De N.G. staat op het oogenblik op een springplank, maar durft niet. Wij hebben nu ons publiek, en dat is ons trouw, maar wij moeten verder, als wij niet op een dood punt willen blijven. Wij moeten er ‘in komen’ en dat kan alleen als we een algemeen tijdschrift worden, dat in alle sociale, politieke, wetenschappelijke en artistieke kwesties, die aan de orde zijn, den toon weet aan te geven. Maar dat kunnen wij met onze tegenwoordige redactie, vrees ik, niet bereiken. Wij zijn te laksch, te onpraktisch, te veel in onze eigen werk of zaken bevangen. Om die reden is een uitbreiding van onze redactie zeer gewenscht, en die wenschelijk- | |
| |
heid wordt door ons drieën zeer sterk gevoeld. En zoo komen wij alweder, evenals vroeger, het eerst tot u. Gij zijt een man van ervaring en van studie, die bovendien goed schrijft. Wij zien in u den man, die ons ontbreekt. Nu moet ge niet schrikken, amice, en denken, met uwe bekende bescheidenheid, dat wij te veel van u verwachten, en dat gij ons teleur zoudt moeten stellen. Wij verwachten niet anders, dan behalve uwe zoo gewenschte en zoo lang gemiste medewerking dan dat er een frissche geest in de redactie kome en een krachtig advies in alles wat de zaken betreft.

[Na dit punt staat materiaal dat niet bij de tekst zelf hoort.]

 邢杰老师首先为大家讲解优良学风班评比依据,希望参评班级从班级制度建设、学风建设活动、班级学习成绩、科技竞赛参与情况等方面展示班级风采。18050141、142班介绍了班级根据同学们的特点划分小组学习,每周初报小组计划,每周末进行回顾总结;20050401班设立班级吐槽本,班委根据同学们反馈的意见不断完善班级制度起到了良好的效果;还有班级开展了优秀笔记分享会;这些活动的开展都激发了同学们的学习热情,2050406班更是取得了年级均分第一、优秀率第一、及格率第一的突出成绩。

Zooals gij weet, is de heer Verwey reeds sinds geruimen tijd feitelijk uit de redactie getreden, ofschoon zijn naam met opzet nog op de aflevering prijkt. Wij zouden, indien gij ons voorstel aanvaardt, dus weer met ons vieren zijn.
Wij kunnen natuurlijk, als ge 't verlangt, heel goed over deze zaak eens vergaderen, hetzij te mijnent, hetzij te uwent. Ik schreef dit maar per brief, omdat ik zoo beter dan in de conversatie een vasten grondslag kon geven, hoe wij deze kwestie inzien.

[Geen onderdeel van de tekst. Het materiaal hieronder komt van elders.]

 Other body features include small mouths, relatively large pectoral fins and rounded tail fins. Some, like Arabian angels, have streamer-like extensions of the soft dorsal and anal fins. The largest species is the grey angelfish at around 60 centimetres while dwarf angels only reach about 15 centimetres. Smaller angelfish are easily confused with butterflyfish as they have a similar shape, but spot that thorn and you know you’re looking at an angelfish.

Met vriendschappelijke groeten van Goes, van Eeden en mij.
t.t
WILLEM KLOOS.
Den Heer P.L. Tak.
| |
Amsterdam, 8 Februari 1890. 2e Parkstraat 123.
Weledelgeb. Heer,
Dank voor uwe bemoeiingen in zake den heer Bolland. Of het stuk plaatsbaar is, kan ik u moeilijk zeggen, daar het eerst in rondlezing bij onze redactie moet komen. Verder moet ik, tot mijn spijt, bedanken voor uw vriendelijk aanbod, om de correctie op u te nemen, daar ik, als verantwoordelijk redacteur, gewoon ben dit zelf te doen, als de schrijvers geen proef kunnen of willen ontvangen.
Hoogachtend,
Uw dw.
WILLEM KLOOS
Den Heer Jacob de Haas Jr.
| |
| |
| |
Amsterdam, 12 Februari 1890. Jan v.d. Heydenstraat 259.
Amice,
Hoe staat het toch met het stuk dat Derkinderen en gij gezamenlijk zoudt vervaardigen? Wij mochten ons niet al te zeer in uwe medewerking verheugen in den laatsten tijd.

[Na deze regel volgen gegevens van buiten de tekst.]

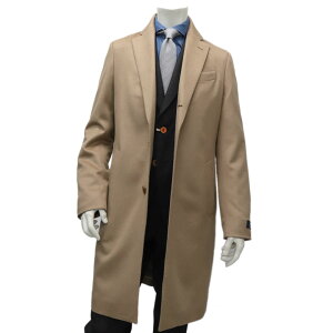 美しい光沢感が魅力のカシミヤを100%使用した高級感あふれる比翼仕立てのメンズカシミヤシングルチェスターコート。 ・本格仕様の正統派シングルチェスターコート ロング丈、胸箱ポケット、フラップ付腰
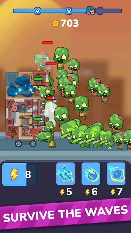 Each level is a new tactical challenge. Merge, upgrade, and fortify your tower to withstand increasingly fierce hordes. It’s not just about shooting — every decision matters: which block to use, which weapon to place, and how to hold the line for as long as possible.

Indertijd hebt gij mij een betere afdruk van uw portret van Huet beloofd, dan die ik heb. Mag ik u daar nog eens aan her inneren?
Vriendelijke groeten aan je vrouw.
t.t.
WILLEM KLOOS.
Den Heer Jan Veth.
| |
Amsterdam, 12 Februari 1890. Jan v.d. Heijdenstraat 259.
Amice,
Voordat gij naar een andere plaats vertrekt en in een nieuwe omgeving zult komen, zult gij vermoedelijk wel uwe papieren nazien.
Vriendelijk verzoek ik u nu:
1o. alles wat door mij geschreven is, onder die papieren, aan mij te doen toekomen. Mij dunkt, dat is niet meer dan billijk, en het minste, wat ik, na al het gebeurde, vragen kan;
2o. ik weet zeker dat er nog pakjes met papieren van de N.G. bij u zijn, die ik successievelijk, in 't najaar van '88, bij u heb gedeponeerd. O.a. brieven van verschillende menschen aan Buitendijk. Zoudt gij mij die willen teruggeven? Zij zijn u van geen nut en dienen mij ter completeering van het archief;
3o. vermoed ik, dat evenals gij boeken van u bij de mijne hebt gepakt en naar v.d. Goes gezonden (b.v. een Keats en een Real Lord Byron), er ook nog wel boeken van mij bij u zullen liggen. Ook die wenschte ik gaarne terug te hebben. B.v. een Poot in 3 deelen en een Swaanenburgh's Parnas;
| |
| |
4o. zou ik gaarne van u terug ontvangen een zilveren zakinktkokertje, dat ik u in vroegere dagen eens gegeven heb, en dat door u sinds lang niet meer werd gebruikt. Er zijn voor mij familieherinneringen aan.
Ik ben natuurlijk van mijn kant bereid om, in ruil voor deze diensten, zooveel mogelijk dergelijke wenschen van u in te willigen.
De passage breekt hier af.